From then on, whenever you login with SQRL to a website, your private identity is used to generate another 77-digit number for that one website. Every website you visit sees you as a different number, yet every time you return to the same site, that site's unique number is regenerated.

This allows you to be uniquely and permanently identified, yet completely anonymous.

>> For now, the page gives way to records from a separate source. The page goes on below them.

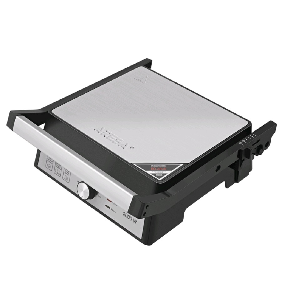 Мощность: 1800-2000 Вт,2 несъемные панели с антипригарным покрытием,Рифленая поверхность панелей для равномерной прожарки,Каналы на рабочих панелях для стекания жира в поддон,Размер рабочей поверхности: 290*260 мм,Регулировка крышки,Длина шнура: 75см,Фиксатор крышки,Защита от перегрева,Градус открытия: 90° / 180°,Световой индикатор питания,Световой индикатор нагрева и готовности к выпеканию,Mатериал корпуса: термостойкий пластик со вставками из нержавеющей стали,Съемный поддон для жира,Нескользящие ножки,Регулировка температуры нагрева,
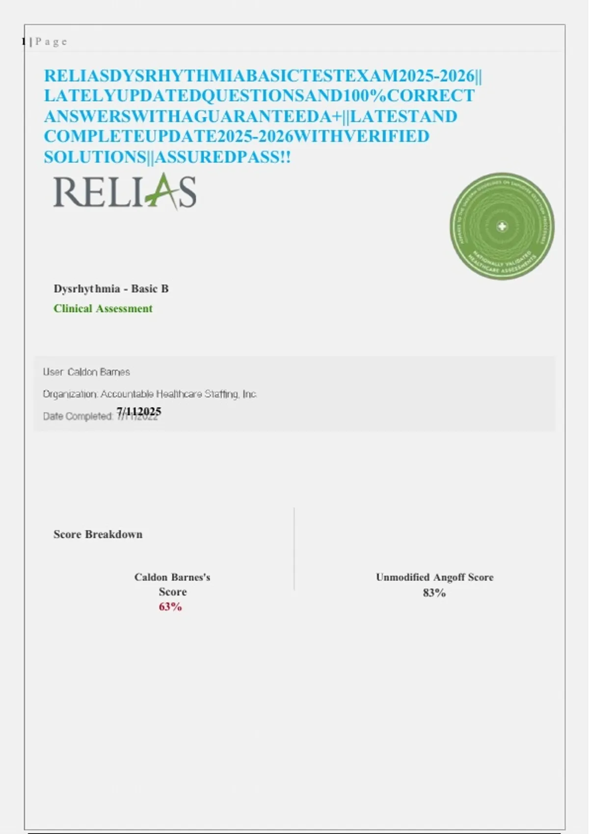 RELIASDYSRHYTHMIABASICTESTEXAM2025-2026||
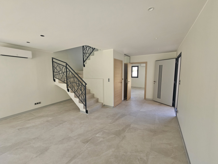 Composée au rdc d'une entrée donnant sur belle pièce de vie ouverte avec cuisine toute équipée, une chambre avec placard intégré et salle d'eau + toilettes, des 2nd toilettes séparés + accès au garage avec porte motorisé.
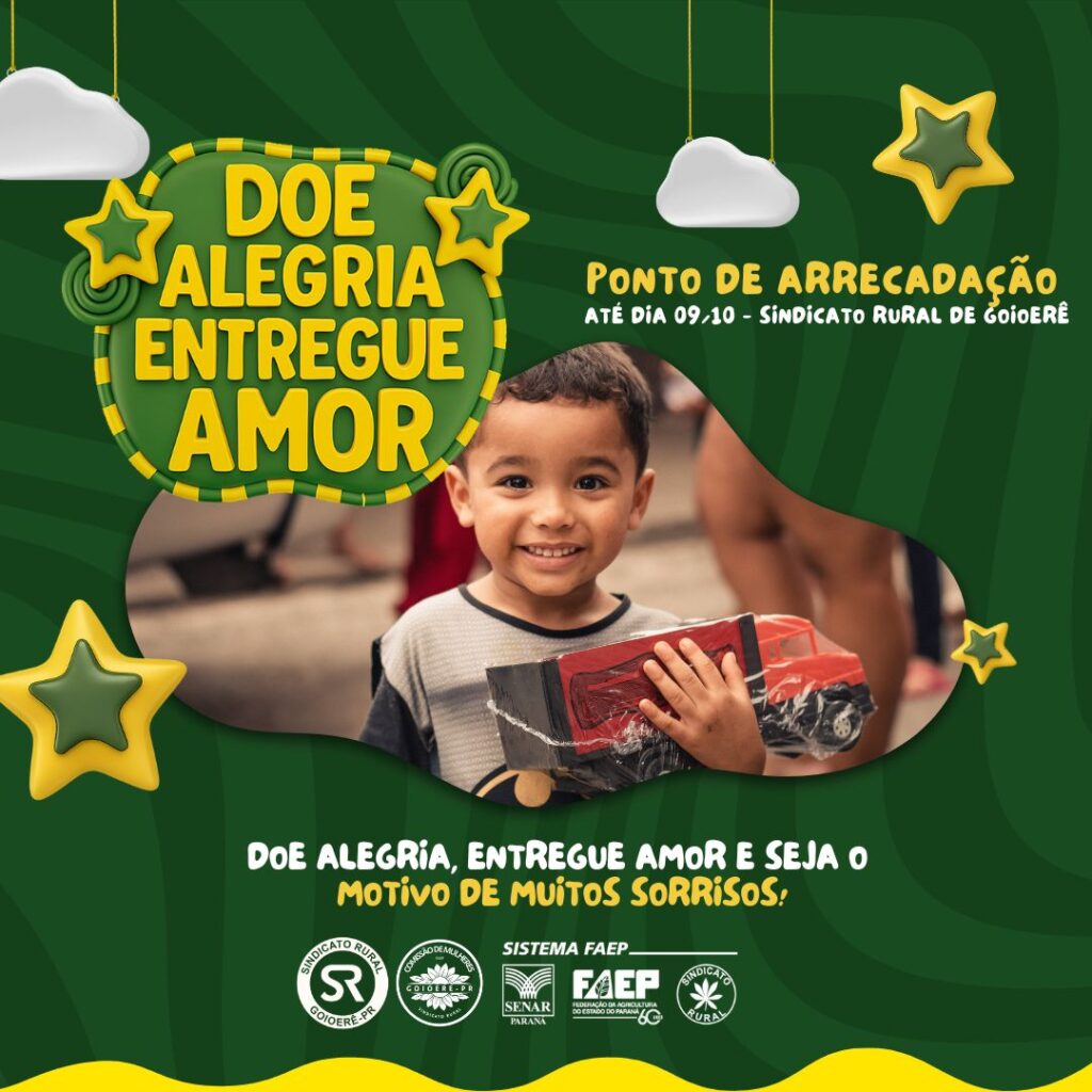 O Sindicato Rural de Goioerê, em parceria com a Comissão de Mulheres, lançou nesta semana a campanha Doe Alegria, Entregue Amor”, voltada para a arrecadação de brinquedos novos que serão entregues a crianças em situação de vulnerabilidade no Dia das Crianças.
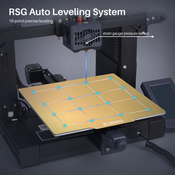 【RSGレベリングシステム】16ポイントの精密レベリングシステムにより、ヒートベッドの不均一性や表面の微小な変動を自動的に補正し、印刷の初層のZ軸高さを調整することで、手動キャリブレーションの必要がなくなります。また、Neptune 3はNeptune 2よりも大きな220x220x280mmのビルドボリュームを備えています。
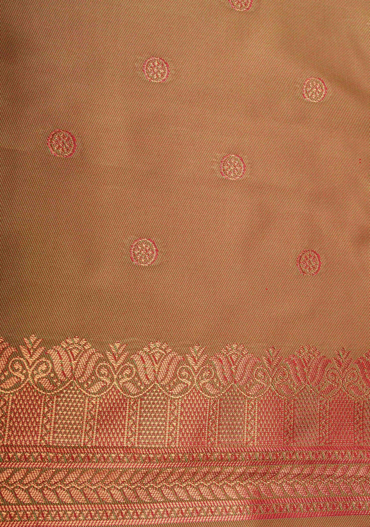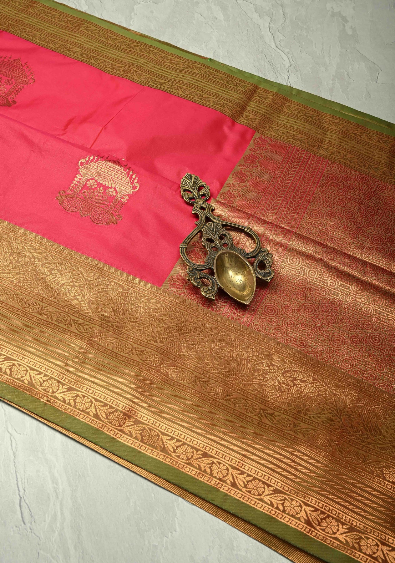 This Fiery Rose Kanchi semi-silk saree radiates vibrant elegance with its rich, captivating hue and luxurious sheen. The body is adorned with intricate zari buttas, adding a subtle sparkle that enhances the saree’s traditional charm. A beautifully woven contrast zari border frames the drape, showcasing classic Kanchi craftsmanship and elevating its regal appeal. Graceful, lightweight, and timeless, this saree is an exquisite choice for weddings, festive occasions, and special celebrations.
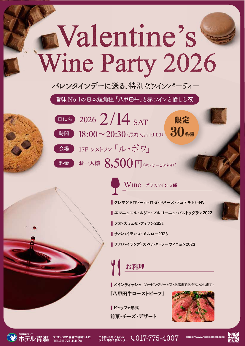 | 内容 | ・メインディッシュ【八甲田牛ローストビーフ】 ※お席にお持ちいたします ・前菜・チーズ・デザート ブッフェ形式 お飲み物 【ソムリエ厳選グラスワイン】 ・スパークリングワイン×1種 ・赤ワイン×4種 |
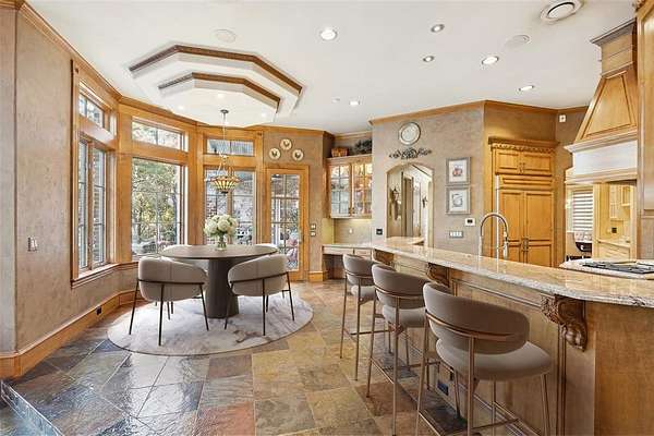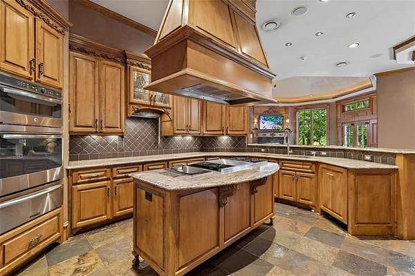 - Built-In Features, Built-In Wine Cooler, Cable TV Available, Cathedral Ceiling(s), Chandelier, Decorative Lighting, Double Vanity, Eat-In Kitchen, Elevator, Flat Screen Wiring, Granite Counters, High Speed Internet Available, In-Law Suite Floorplan, Kitchen Island, Loft, Multiple Staircases, Natural Woodwork, Open Floorplan, Paneling, Pantry, Vaulted Ceiling(s), Wainscoting, Walk-In Closet(s), Wet Bar, Wired For Data
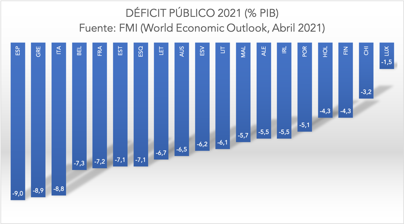 Los países con un déficit más reducido en 2021 serán Malta (5,7% del PIB), Alemania (5,5% del PIB), Irlanda (5,5% del PIB), Portugal (5,1% del PIB), Holanda (4,3% del PIB), Finlandia (4,3% del PIB), Chipre (3,2% del PIB) y Luxemburgo (1,5% del PIB).
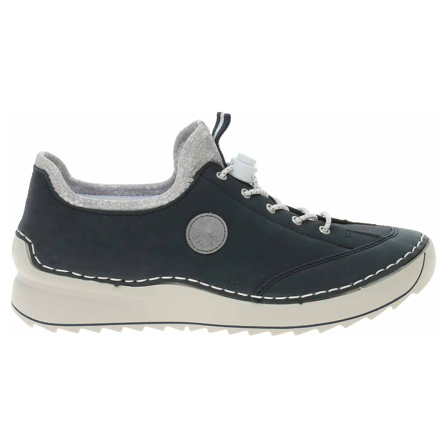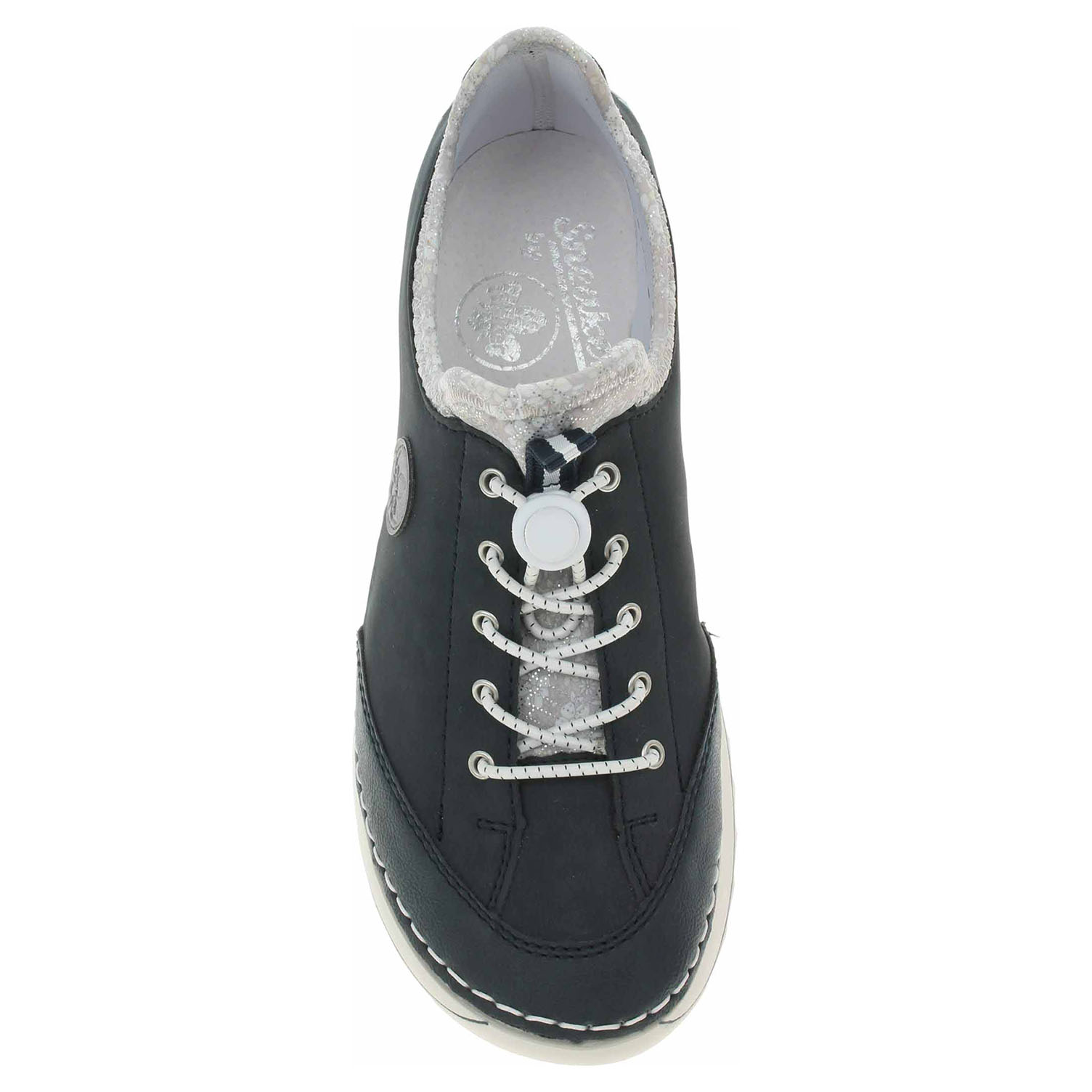 Boty Rieker - flexiblová dámská nazouvací obuv se svrškem ze syntetiky a s textilní podšívkou je vybavená vyměkčenou stélkou z usně. Šněrováním je provlečená nekonečná gumička s brzdičkou, která zvyšuje stabilitu nohy v obuvi. Klínek je vysoký 3,5 cm. Podešev je flexibilní a díky systému Antistress skvěle tlumí nárazy a otřesy. Flexiblová obuv - prošívaná podešev, obuv používejte v suchém prostředí. Při zvýšené vlhkosti může dojít k promáčení obuvi. Obuv pravidelně impregnujte nebo krémujte, zvláště pak prošívaný okraj.

Since you never need to use an eMail address or a password, you never give a website your actual identity to protect. If the website's SQRL identities are ever stolen, not only would the stolen identities only be valid for that one website, but SQRL's cryptography prevents impersonation using stolen identities.

This is as good as it sounds. It's what we've been waiting for.

Your SQRL Password

SQRL frees you from the burden of logging into Internet websites by doing it for you. But this means if someone else gained control of your SQRL app, they could impersonate you.

We solve this problem with a SQRL password which YOU use to login to your SQRL. You decide how much login protection you need. You choose your own password of whatever length and complexity you desire. To impede someone guessing, you set how long any password takes to process. And to make longer, more complex passwords less painful to use, the password's first four characters may be used to "refresh" the full password you recently entered.

You are free to change your password and its various settings at any time. And if you should ever forget or lose your password for any reason, SQRL's Rescue Code can be used to recover your access.

SQRL's Rescue Code

You and SQRL will probably never need rescuing. But SQRL's security is so tight that you MIGHT need a way to unlock things a bit. Here are the two scenarios where you WOULD need rescuing:

• If you changed your password and the new one slipped your mind, there's no one to ask. Unlike websites, where you click "I forgot my password", your SQRL app doesn't know it either. If it did, it could be hacked and used to steal your identity. Backups you have made of your identity will have been saved under the password you were using then, so that might help. But your SQRL-assigned Rescue Code will always forgive any memory lapse.

• Once you have established your SQRL identity with a website, that identity can ONLY be changed with ITS Rescue Code. If someone WERE to somehow steal your SQRL identity (if your phone was stolen and you used a VERY weak or guessable password, or malware infected your device), they could never replace your identity with theirs. But YOU could retake your stolen identity by creating a new one and using the old identity's Rescue Code (which the bad guys would never have) to replace that old identity with your new one.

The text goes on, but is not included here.